Lipid ozonation products activate phospholipases A2, C, and D.

作者信息

Kafoury R M, Pryor W A, Squadrito G L, Salgo M G, Zou X, Friedman M

机构信息

Department of Environmental Health Sciences, Tulane University Medical Center, New Orleans, Louisiana 70112, USA.

出版信息

Toxicol Appl Pharmacol. 1998 Jun;150(2):338-49. doi: 10.1006/taap.1998.8418.

DOI:10.1006/taap.1998.8418
PMID:9653065
Abstract

Ozone exposure, in vitro, has been shown to activate phospholipases A2 (PLA2), C (PLC), and D (PLD) in airway epithelial cells. However, because of its high reactivity, ozone cannot penetrate far into the air/lung tissue interface. It has been proposed that ozone reacts with unsaturated fatty acids (UFA) in the epithelial lining fluid (ELF) and cell membranes to generate a cascade of lipid ozonation products (LOP) that mediate ozone-induced toxicity. To test this hypothesis, we exposed cultured human bronchial epithelial cells (BEAS-2B) to LOP (1-100 microM) produced from the ozonation of 1-palmitoyl-2-oleoyl-sn-glycero-3-phosphatidylcholine (POPC) and measured the activity of PLA2, PLC, and PLD. The PLA2 isoform responsible for arachidonic acid release (AA) in stimulated cultures was also characterized.
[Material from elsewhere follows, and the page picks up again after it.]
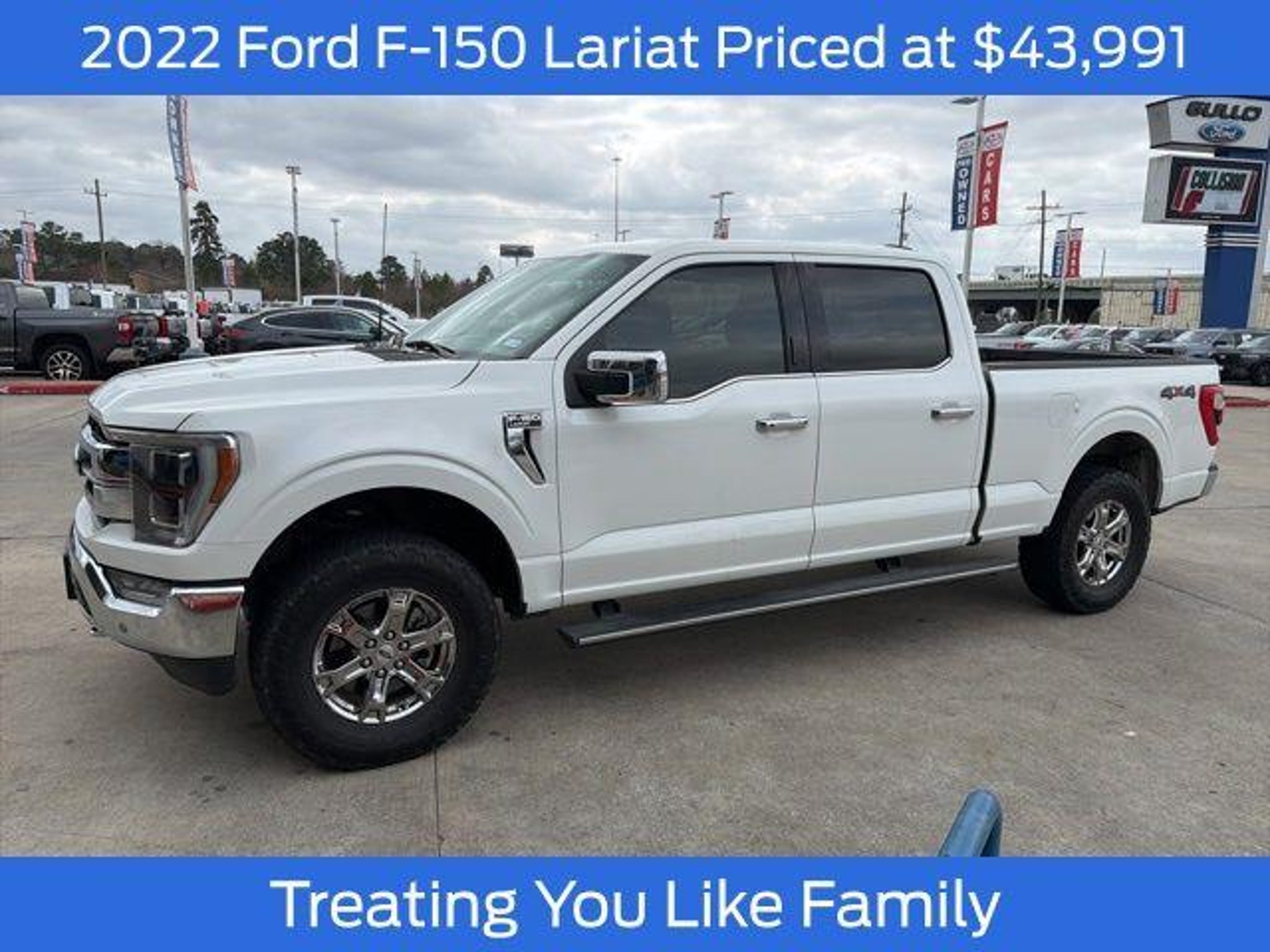 CARFAX One-Owner. Star White Metallic Tri-Coat 2022 Ford F-150 Lariat 4WD 10-Speed Automatic 5.0L V8 Disclaimer: Although every reasonable effort has been made to ensure the accuracy of the informatio, 4WD. Recent Arrival! Although every reasonable effort has been made to ensure the accuracy of the information contained on this site, absolute accuracy cannot be guaranteed. This site, and all information and materials appearing on it, are presented to the user as is without warranty of any kind, either express or implied. All vehicles are subject to prior sale. Price does not include applicable taxes, title, license, processing and/or documentation fees ($225.00). Some vehicles may have added dealer installed equipment that may affect final negotiated price. See dealer for complete details.

Activation of PLA2, PLC, and PLD by three oxidants, hydrogen peroxide (H2O2), tert-butyl hydroperoxide (t-BOOH) and 2,2'-azobis(2-amidinopropane)dihydrochloride (AAPH) also was measured and compared to that of LOP. The derivatives of ozonized POPC at the sn-2 residue, 9-oxononanoyl (PC-ALD), 9-hydroxy-9-hydroperoxynonanoyl (PC-HHP), and 8-(-5-octyl-1,2,4-trioxolan-3-yl-) octanoyl (POPC-OZ) selectively activated PLA2 in a dose-dependent fashion. Cytosolic PLA2 (cPLA2) measured in the cytosolic fraction of stimulated cell lysates was found to be the predominant isoform responsible for AA release. PLC activation was exclusively induced by the hydroxyhydroperoxide derivatives. PC-HHP and the 9-carbon hydroxyhydroperoxide (HHP-C9) increased PLC activity. PLD activity also was induced by LOP generated from POPC. Incubation of cultures with H2O2 alone did not stimulate PLC; however, in the presence of the aldehyde, nonanal, a 62 +/- 2% increase in PLC activity was found, suggesting that the increase in activity was due to the formation of the intermediate HHP-C9. t-BOOH, and AAPH also failed to induce PLA2 activation, but did activate PLC, under conditions of exposure identical to that of LOP. Only t-BOOH activated PLD. These results suggest that biologically relevant concentrations of LOP activate PLA2, PLC, and PLD in the airway epithelial cell, a primary target to ozone exposure. The activation of these phospholipases may play a role in the development of lung inflammation during ozone exposure.

摘要

体外实验表明,臭氧可激活气道上皮细胞中的磷脂酶A2(PLA2)、C(PLC)和D(PLD)。然而,由于其高反应活性,臭氧无法深入穿透气/肺组织界面。有人提出,臭氧与上皮衬液(ELF)和细胞膜中的不饱和脂肪酸(UFA)反应,生成一系列脂质臭氧化产物(LOP),介导臭氧诱导的毒性。为验证这一假设,我们将培养的人支气管上皮细胞(BEAS-2B)暴露于由1-棕榈酰-2-油酰-sn-甘油-3-磷脂酰胆碱(POPC)臭氧化产生的LOP(1-100 microM)中,并测量PLA2、PLC和PLD的活性。还对刺激培养物中负责花生四烯酸释放(AA)的PLA2同工型进行了表征。还测量了三种氧化剂过氧化氢(H2O2)、叔丁基过氧化氢(t-BOOH)和2,2'-偶氮二(2-脒基丙烷)二盐酸盐(AAPH)对PLA2、PLC和PLD的激活作用,并与LOP的激活作用进行比较。sn-2位臭氧化POPC的衍生物9-氧代壬酰基(PC-ALD)、9-羟基-9-氢过氧壬酰基(PC-HHP)和8-(-5-辛基-1,2,4-三氧杂环戊烷-3-基-)辛酰基(POPC-OZ)以剂量依赖方式选择性激活PLA2。在刺激细胞裂解物的胞质部分中测得的胞质PLA2(cPLA2)是负责AA释放的主要同工型。PLC激活仅由羟基氢过氧化物衍生物诱导。PC-HHP和9-碳羟基氢过氧化物(HHP-C9)增加了PLC活性。PLD活性也由POPC产生的LOP诱导。单独用H2O2孵育培养物不会刺激PLC;然而,在醛壬醛存在下,发现PLC活性增加了62±2%,这表明活性增加是由于中间产物HHP-C9的形成。在与LOP相同的暴露条件下,t-BOOH和AAPH也未能诱导PLA2激活,但确实激活了PLC。只有t-BOOH激活了PLD。这些结果表明,生物学相关浓度的LOP可激活气道上皮细胞中的PLA2、PLC和PLD,气道上皮细胞是臭氧暴露的主要靶标。这些磷脂酶的激活可能在臭氧暴露期间肺部炎症的发展中起作用。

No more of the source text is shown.